◆ WHAT TO WORK ON: Every line of the records below from the line with "Большой интерес вызвала" up to and including the line with "High Quality 925" must be reproduced exactly, and no line outside that range.

◆ THE INPUT:
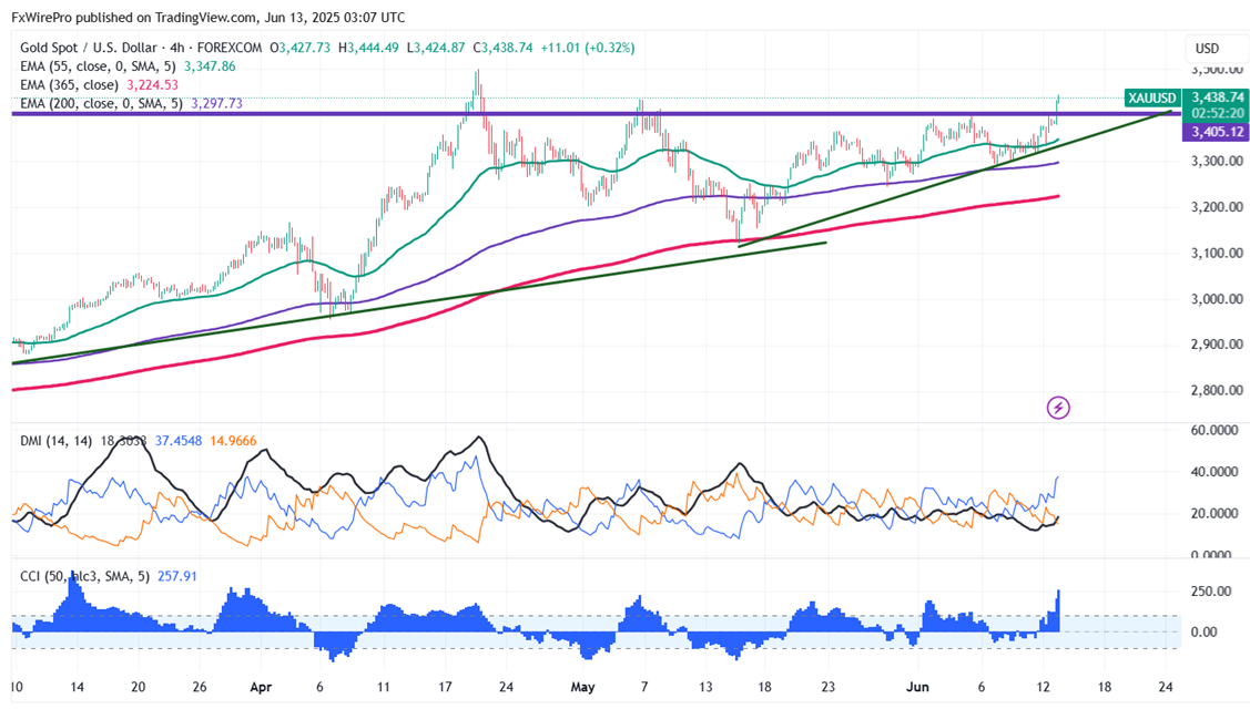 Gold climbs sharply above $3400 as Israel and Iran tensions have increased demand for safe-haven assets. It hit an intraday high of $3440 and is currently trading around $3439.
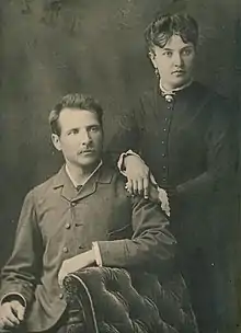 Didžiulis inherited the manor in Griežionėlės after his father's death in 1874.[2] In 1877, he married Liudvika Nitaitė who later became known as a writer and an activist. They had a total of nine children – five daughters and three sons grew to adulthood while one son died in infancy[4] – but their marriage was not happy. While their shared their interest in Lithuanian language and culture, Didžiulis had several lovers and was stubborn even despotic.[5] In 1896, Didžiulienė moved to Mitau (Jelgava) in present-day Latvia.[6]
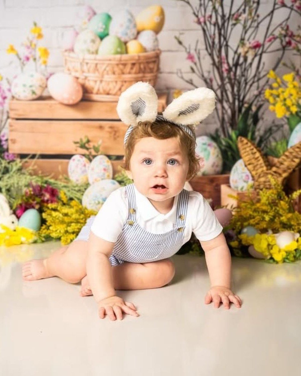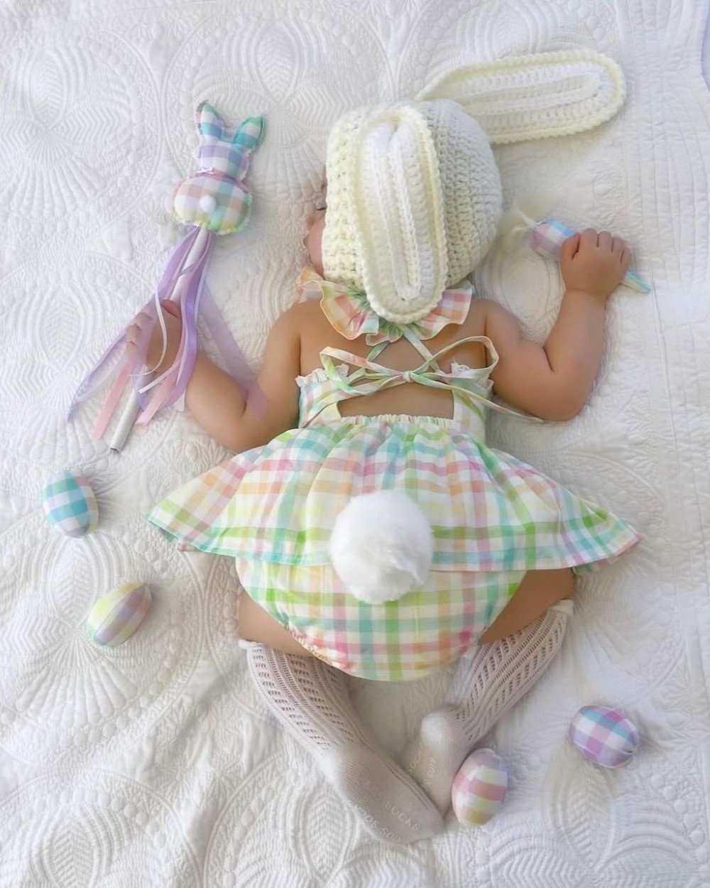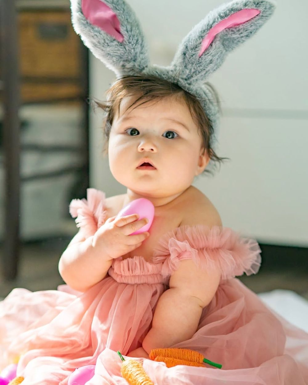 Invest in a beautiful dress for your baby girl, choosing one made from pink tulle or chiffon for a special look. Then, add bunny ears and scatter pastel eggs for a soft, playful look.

...

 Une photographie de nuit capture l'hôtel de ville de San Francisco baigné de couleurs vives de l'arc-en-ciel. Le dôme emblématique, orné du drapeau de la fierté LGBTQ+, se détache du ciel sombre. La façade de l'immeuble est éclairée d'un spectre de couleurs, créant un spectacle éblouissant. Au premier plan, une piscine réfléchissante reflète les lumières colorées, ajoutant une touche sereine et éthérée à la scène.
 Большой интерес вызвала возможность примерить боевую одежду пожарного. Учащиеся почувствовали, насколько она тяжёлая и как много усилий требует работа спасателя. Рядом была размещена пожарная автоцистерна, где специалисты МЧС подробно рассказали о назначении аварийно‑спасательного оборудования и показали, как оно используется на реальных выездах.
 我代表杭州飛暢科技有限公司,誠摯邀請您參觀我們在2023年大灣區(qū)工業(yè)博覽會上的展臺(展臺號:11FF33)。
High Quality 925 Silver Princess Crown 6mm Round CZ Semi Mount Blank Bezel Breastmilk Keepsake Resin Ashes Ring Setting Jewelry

◆ SOLUTION TO THIS EXERCISE:
 Большой интерес вызвала возможность примерить боевую одежду пожарного. Учащиеся почувствовали, насколько она тяжёлая и как много усилий требует работа спасателя. Рядом была размещена пожарная автоцистерна, где специалисты МЧС подробно рассказали о назначении аварийно‑спасательного оборудования и показали, как оно используется на реальных выездах.
 我代表杭州飛暢科技有限公司,誠摯邀請您參觀我們在2023年大灣區(qū)工業(yè)博覽會上的展臺(展臺號:11FF33)。
High Quality 925 Silver Princess Crown 6mm Round CZ Semi Mount Blank Bezel Breastmilk Keepsake Resin Ashes Ring Setting Jewelry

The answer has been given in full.